Question 18: In a 765 litres of mixture, the quantity of milk is 20% less than the quantity of water. If ‘y’ litres of milk is poured into the mixture, the ratio between quantity of milk and water will be 16:17 respectively, then find out the value ‘y’.

a) 45

b) 60

c) 90

d) 75

e) None of the above

Solution:

In a 765 litres of mixture, the quantity of milk is 20% less than the quantity of water.
So the ratio of the initial quantity of milk and water will be 4:5 respectively.
Initial quantity of milk = $\frac{4}{9}\times765$ = 340 litres

Initial quantity of water = $\frac{5}{9}\times765$ = 425 litres
If ‘y’ litres of milk is poured into the mixture, the ratio between quantity of milk and water will be 16:17 respectively.
$\frac{340+y}{425} = \frac{16}{17}$

$\frac{340+y}{25} = 16$

340+y = 400
y = 400-340 = 60
Hence, option b is the correct answer.

Question 19: In a mixture, the quantity of juice and water are in the ratio of 5:7 respectively.
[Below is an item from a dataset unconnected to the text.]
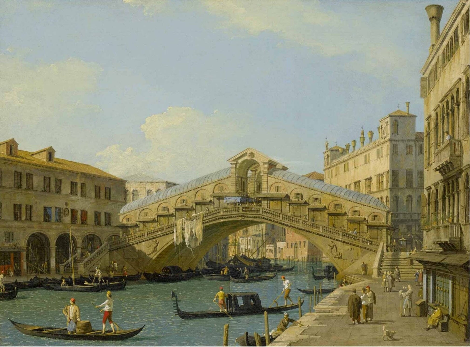 Venice, A View Of The Grand Canal Looking North Towards The Rialto Bridge by Canaletto

If 18 litres of juice is poured into the mixture, then the quantity of juice in the new mixture will be 25% less than the quantity of water in the new mixture. Find out the quantity of water in the mixture.

a) 637 litres

b) 560 litres

c) 504 litres

d) 651 litres

e) None of the above

Solution:

In a mixture, the quantity of juice and water are in the ratio of 5:7 respectively.
Let’s assume the quantity of juice and water in the mixture are 5y and 7y respectively.
If 18 litres of juice is poured into the mixture, then the quantity of juice in the new mixture will be 25% less than the quantity of water in the new mixture.
$\frac{5y+18}{7y} = \frac{3}{4}$

20y+72 = 21y
21y-20y = y = 72
Quantity of water in the mixture = 7y = $7\times72$
= 504 litres
Hence, option c is the correct answer.

Question 20: In a drum, 1260 litres of pure milk is available. ‘Y’ litres of milk is taken out from the mixture and replaced with the water. This process is repeated once again after that the pure milk available in the drum is $1142\frac{6}{7}$ litres. Find out the value of ‘y’.

a) 45

b) 60

c) 75

d) 72

e) None of the above

Solution:

$1142\frac{6}{7} = 1260 (1-\frac{y}{1260})^{2}$

$\frac{8000}{7} = 1260 (1-\frac{y}{1260})^{2}$

$\frac{8000}{7\times1260} = (1-\frac{y}{1260})^{2}$

$\frac{8000}{8820} = (1-\frac{y}{1260})^{2}$

$\frac{400}{441} = (1-\frac{y}{1260})^{2}$

$1-\frac{y}{1260} = \frac{20}{21}$

$\frac{1}{21} = \frac{y}{1260}$

y = 60
Hence, option b is the correct answer.